What was discovered was Carpenter’s final unmarked resting place in the Lakeshore Psychiatric Hospital Cemetary. A total of 1,511 people are buried in the cemetery and Carpenter is one of 33 First Nations people in unmarked graves.

“Here is where she died. Here is where she spent the last seven years, eight months and 28 days of her life. It wasn’t the best circumstances, to say the least,” said Talaga. “She was five years old when the Indian Act came into force in Canada. She lost almost all of her children just gone. She was fighting for survival, and then she is put in a lunatic asylum. Why? We have no idea.

“She is in an unmarked grave, what the hell happened? That of course, is the strongest emotion and that is the thrust of the book because Annie’s story represents all of our people that didn’t come home from Indian Residential Schools, Indian hospitals, tuberculous sanitoriums, asylums.”

Finding Carpenter, Talga says, was both “bittersweet and comforting.”
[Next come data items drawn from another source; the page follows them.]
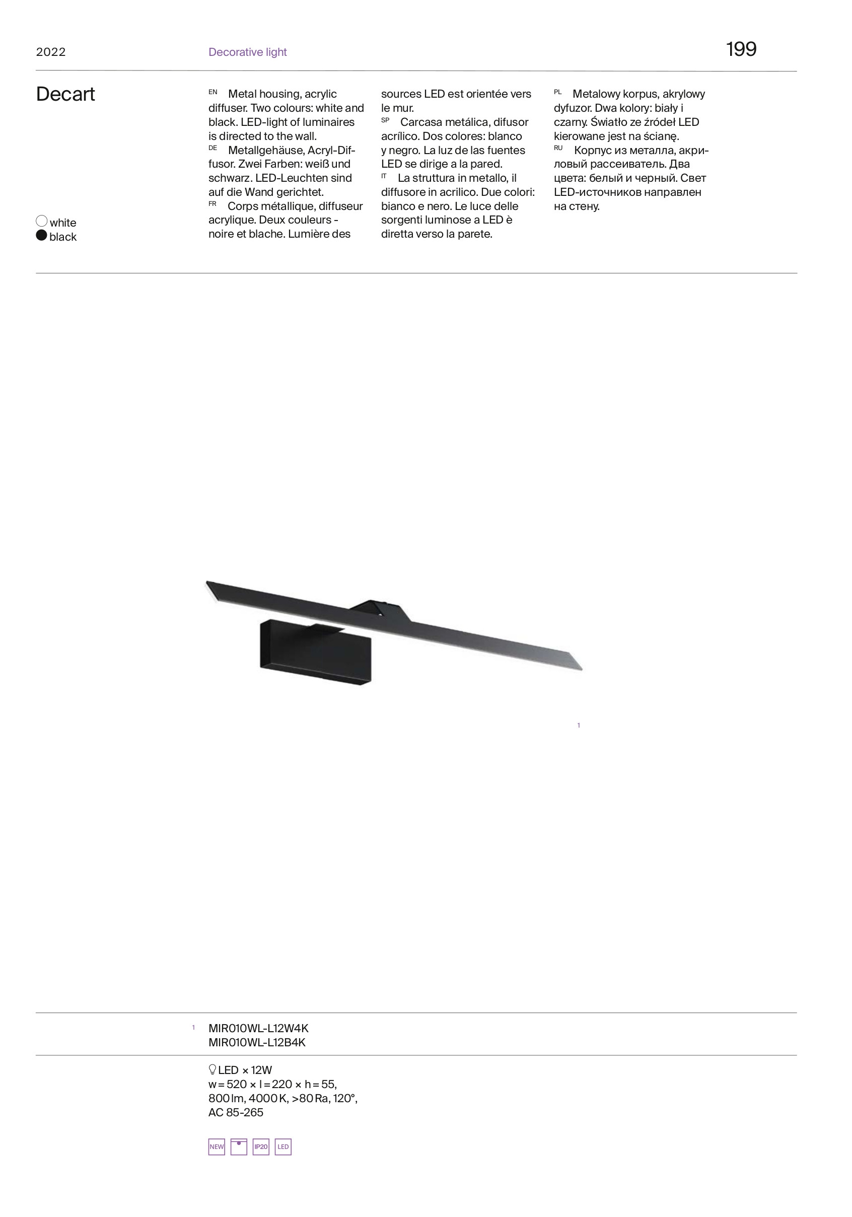 Осветителното тяло MIR010WL-L12B4K представлява лед аплик в съвременен стил. MIR010WL-L12B4K е от категорията и е подходящо за осветяване на различни помещения и пространства като: всекидневна / хол, спалня, кухня, трапезария, офис.
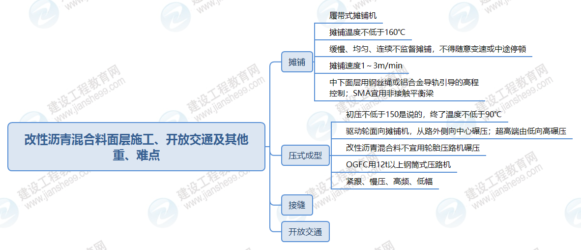 二建市政:改性瀝青混合料面層施工、開放交通及其他(思維導(dǎo)圖)
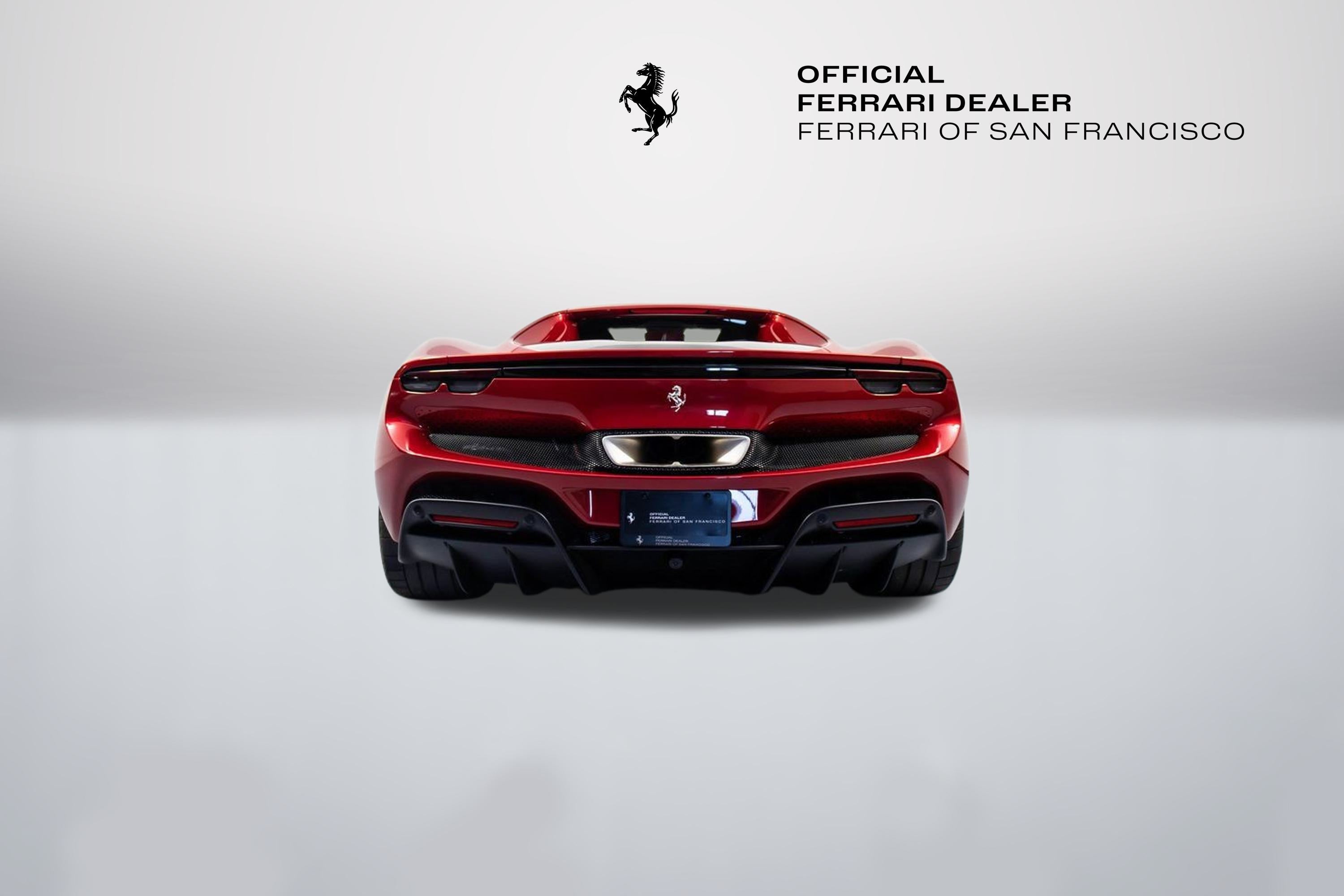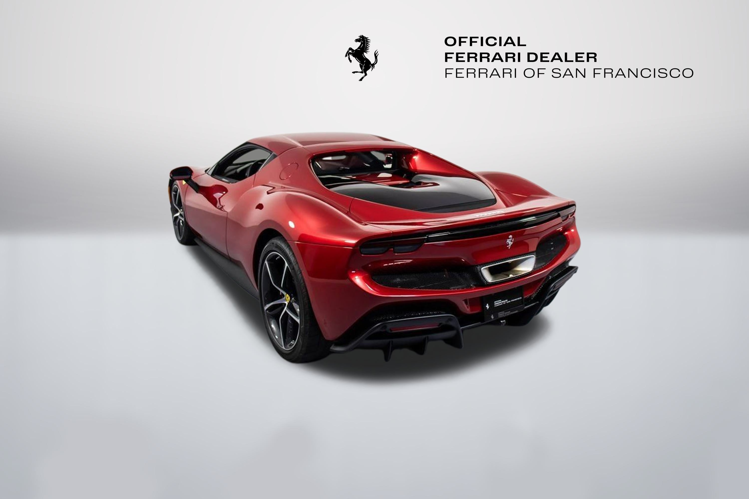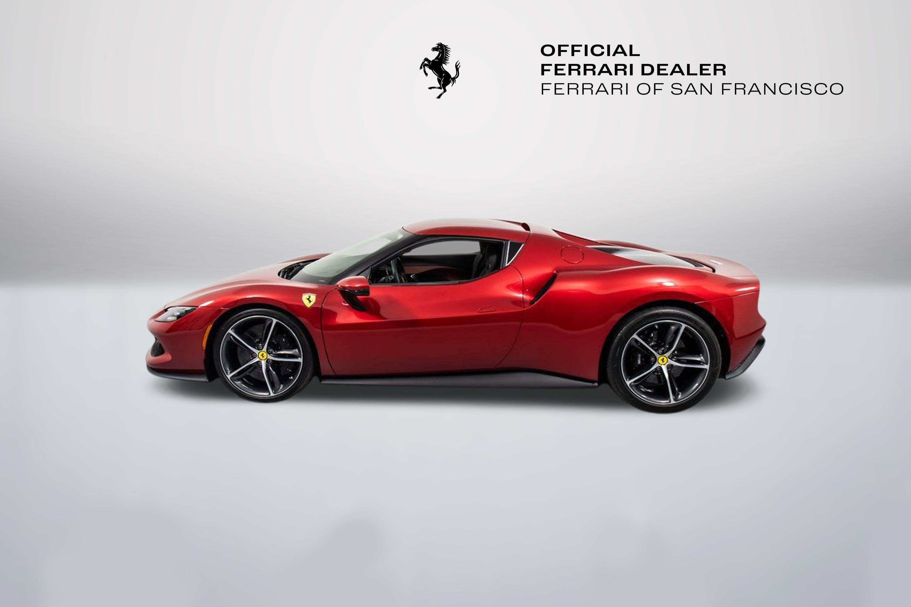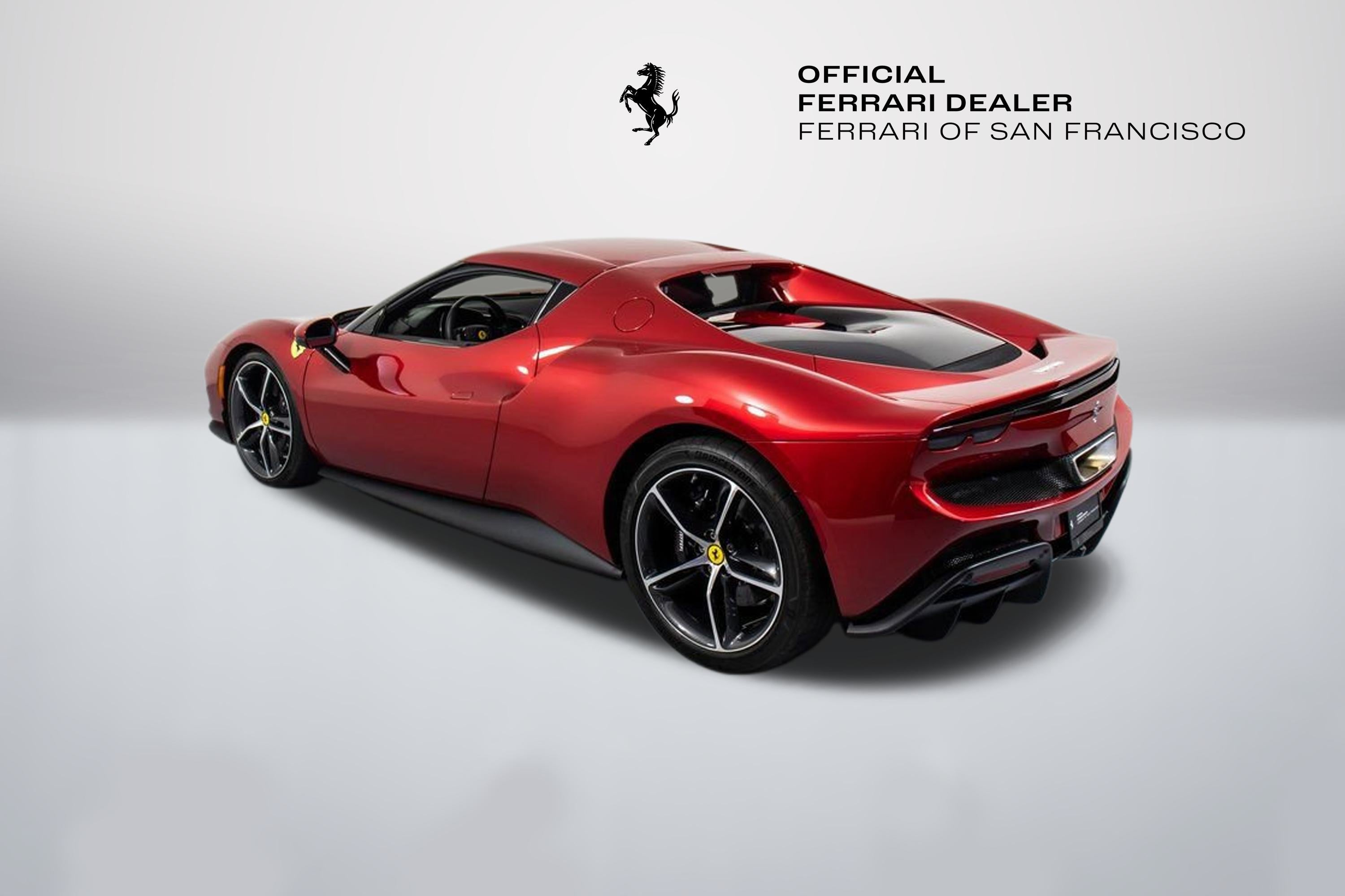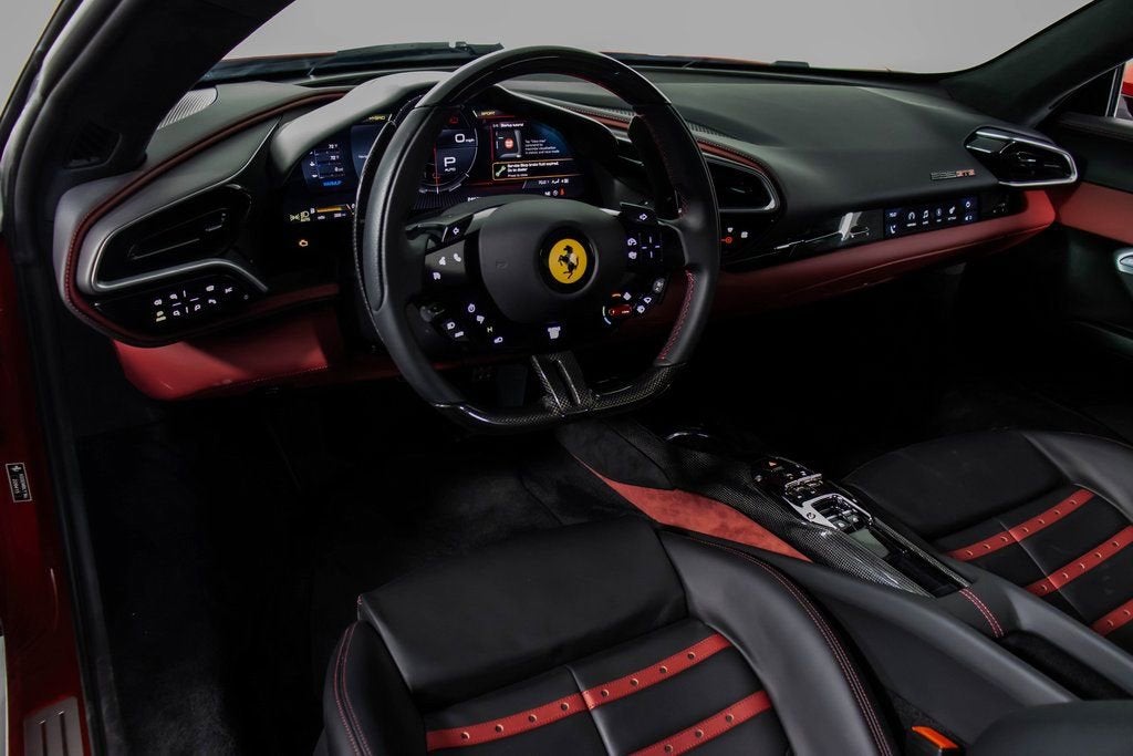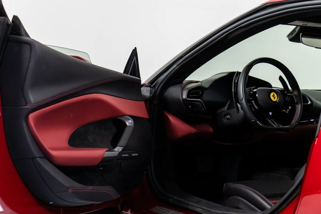 288653 Exterior: Rosso Imola Interior: Nero Mats: Nero 2023 Ferrari 296 GTB Options: Apple CarPlay AFS System Glossy Black Brake Calipers Upper Part of Center Console in Carbon Fiber Dash Inserts in Carbon Fiber Daytona Style Seats Suspension Lifter Cavallino Stitched on Headrest in Bordeaux Advanced Front Driving Camera Home Link MyFerrari Connect Readiness HW Carb. Fib. Steering Wheel + LEDS 'Scuderia Ferrari' Shields Front and Rear Parking Sensors Leather Passenger Compartment Inserts in Bordeaux Special Colors in Rosso Imola Diamond-Polished Forged Wheels Full Electric Seats Colored Special Stitching O.R. in Bordeaux Wheel Stud Bolts in Titanium Wireless Smartphone Charger The 2023 Ferrari 296 GTB is presented in the striking Rosso Imola exterior, a special color that highlights its sculpted lines, paired with a refined Nero interior and Nero mats. The cabin exudes elegance with Daytona-style seats, Bordeaux leather inserts, and a Cavallino stitched on the headrest in Bordeaux, complemented by special Bordeaux contrast stitching. Performance-focused details include carbon fiber dash inserts, upper center console in carbon fiber, and a carbon fiber steering wheel with LEDs, while diamond-polished forged wheels and glossy black brake calipers emphasize its athletic stance. Equipped with advanced technology such as Apple CarPlay, suspension lifter, advanced front driving camera, front and rear parking sensors, HomeLink, MyFerrari Connect readiness, and a wireless smartphone charger, this 296 GTB perfectly blends cutting-edge innovation with Ferraris racing heritage. Enhanced by Scuderia Ferrari shields, titanium wheel bolts, and full electric seats, this car is both a drivers machine and a statement of Italian craftsmanship.
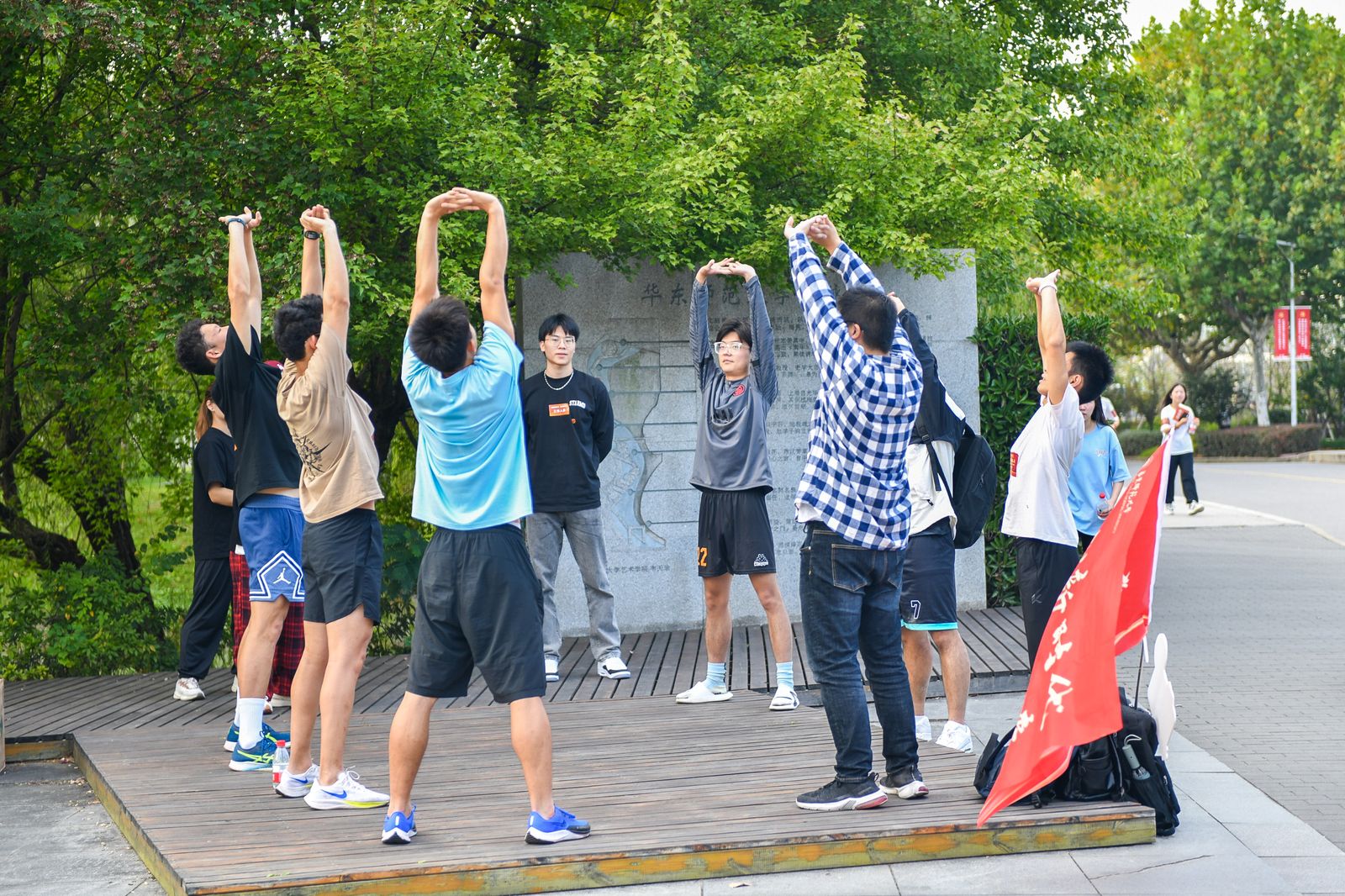 本次活动共设置12个关卡,分别位于学生公寓、秋实阁、图书馆、大学林、文脉廊等校内标志性地点。关卡内容包括党代会和校史知识问答、体育竞赛、即兴授课等丰富的内容,参赛选手需按照规定线路完成打卡点任务,路线全程5公里,对体能、技能、知识储备及团队协作精神有多重考验。

“We’ve held ceremony there since then. We’ve brought people, other family members there, so she’s not forgotten,” said Talaga.

Talaga hopes readers of The Knowing will be compelled to re-think and question the Canadian history they know.

“Murray Sinclair (former member of the Canadian Senate and First Nations lawyer who served as chairman of the Truth and Reconciliation Commission) told me that he wrote the volumes of the TRC in order to arm the reasonable. To reach that group of sort of the money middle of Canadians, that know a little bit but don’t really know a little bit about the true history of this country,” said Talaga. “This is why they did the TRC, to capture survivors’ voices. To safeguard those voices, to hold a mirror up to Canada. That’s why the TRC happened. And I’m doing the same thing. I’m holding a mirror up to Canada. And, hopefully, people grasp it, understand it, and will teach it.”